#### Exercise goal:
The listing below should be printed in full and exactly, apart from its images.

#### Source data:
__________________________________________________

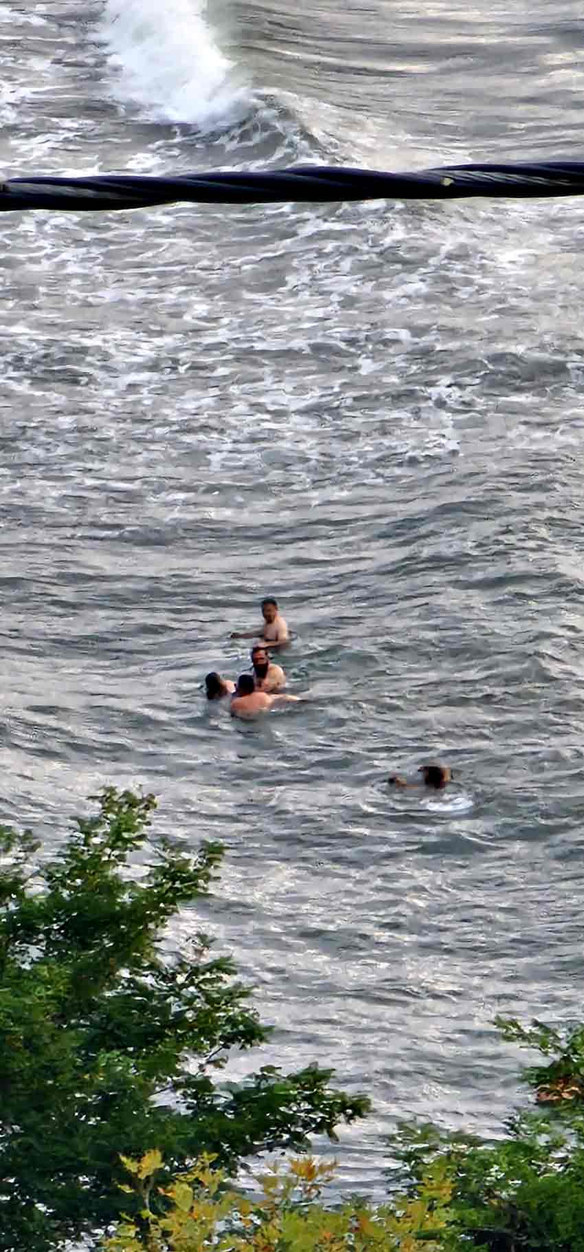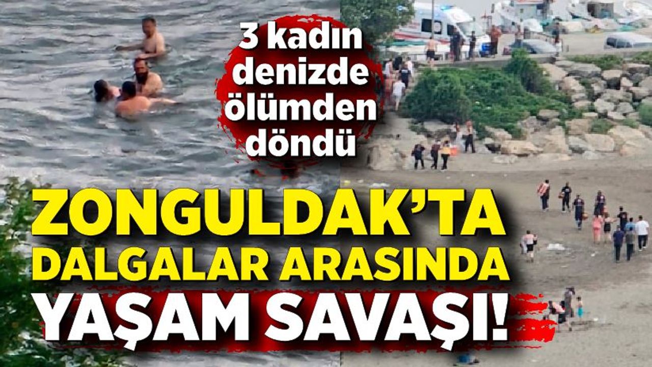 Zonguldak'ın Alaplı ilçesi Cennet Koyu sahilinde denizde boğulma tehlikesi geçiren 3 kadın, can simidi ve oluşturulan insan zinciriyle kurtarıldı. O anlar cep telefonuyla kaydedildi.
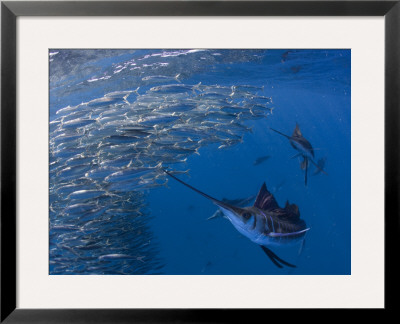 Paul Nicklen Art > Sailfish Hunt Sardines Using Their Bills And Sails To Corner The Fish Art Print
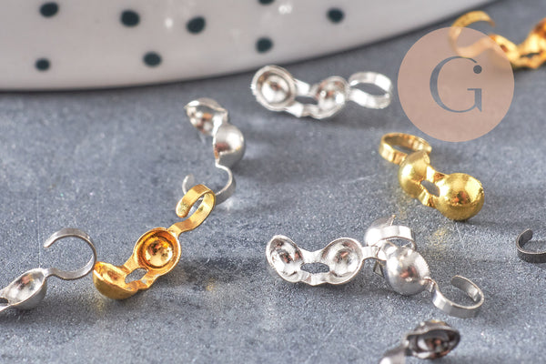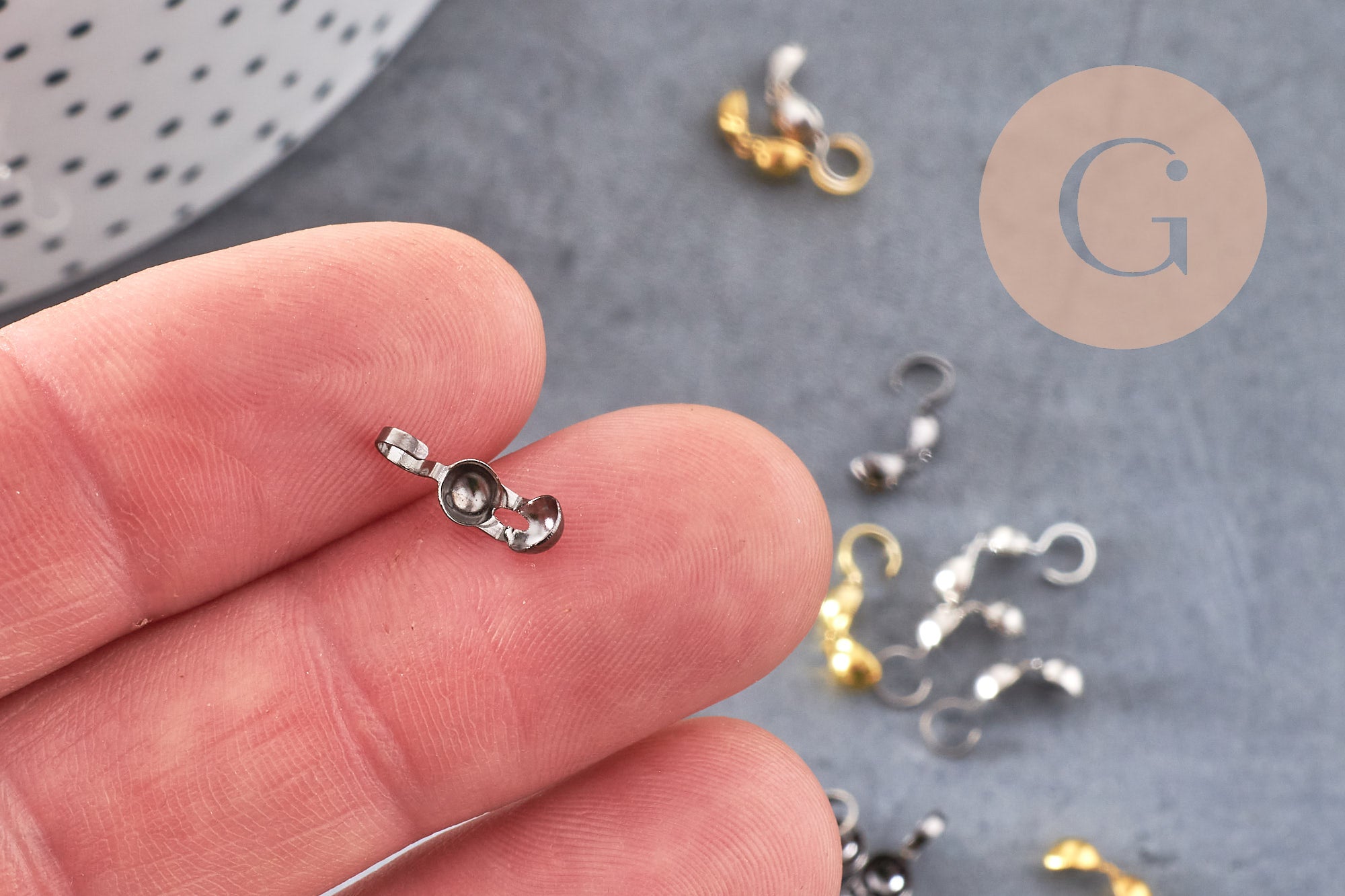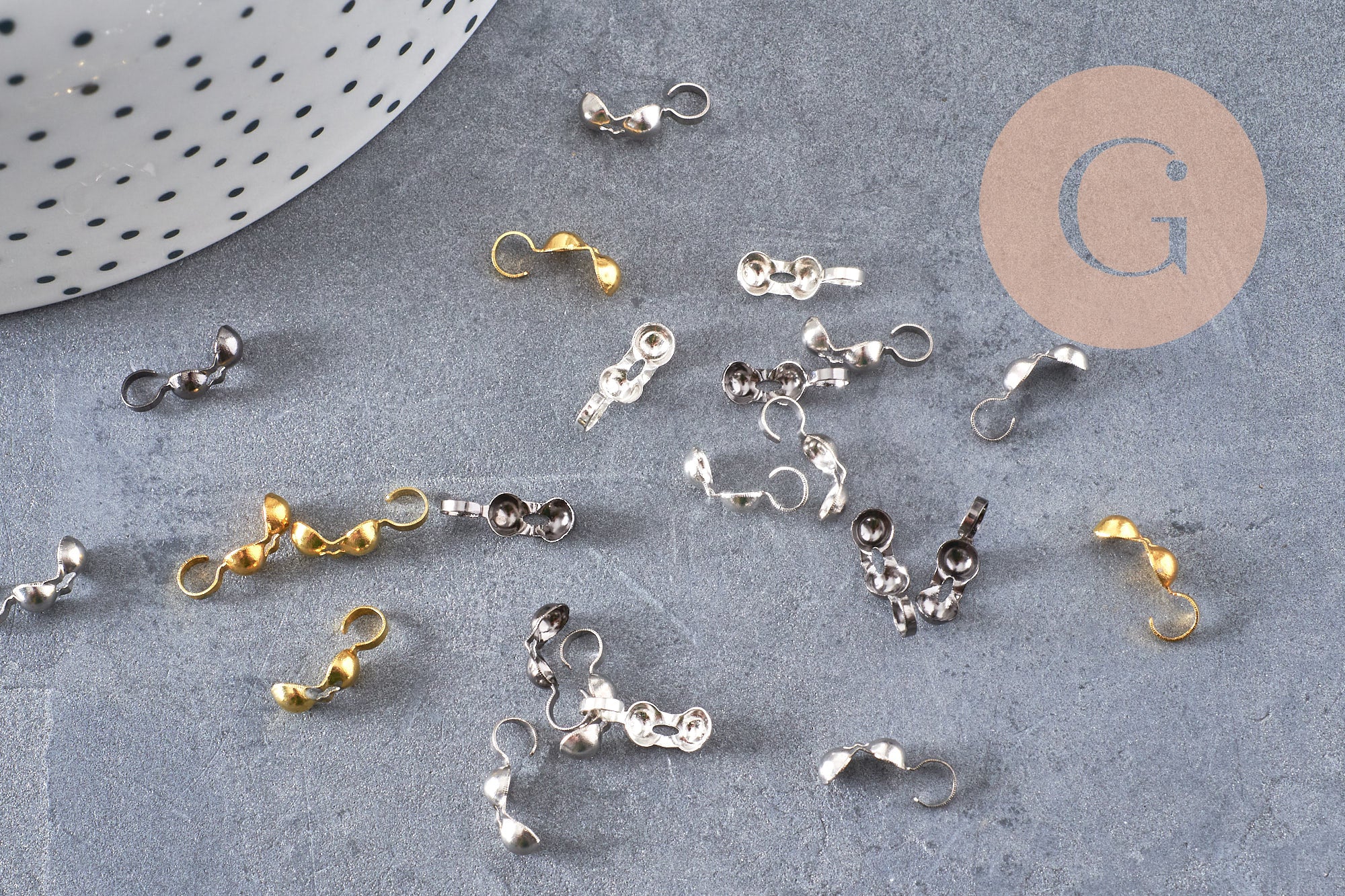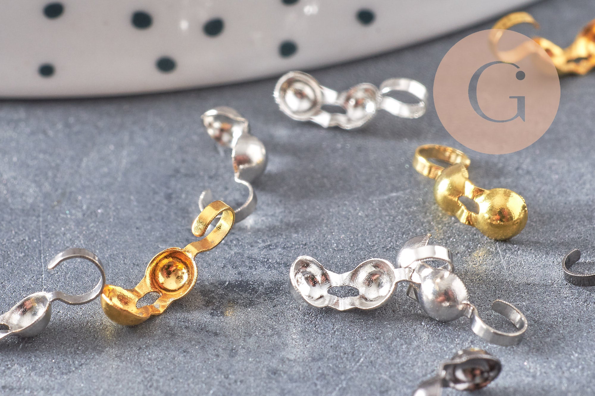 connecteurs argentés dorés bronze, fourniture créative,cache noeud, chaine boule, fabrication bijoux, apprêts argentés, lot de 5Gr

__________________________________________________

#### Written solution:
 Zonguldak'ın Alaplı ilçesi Cennet Koyu sahilinde denizde boğulma tehlikesi geçiren 3 kadın, can simidi ve oluşturulan insan zinciriyle kurtarıldı. O anlar cep telefonuyla kaydedildi.
 Paul Nicklen Art > Sailfish Hunt Sardines Using Their Bills And Sails To Corner The Fish Art Print
 connecteurs argentés dorés bronze, fourniture créative,cache noeud, chaine boule, fabrication bijoux, apprêts argentés, lot de 5Gr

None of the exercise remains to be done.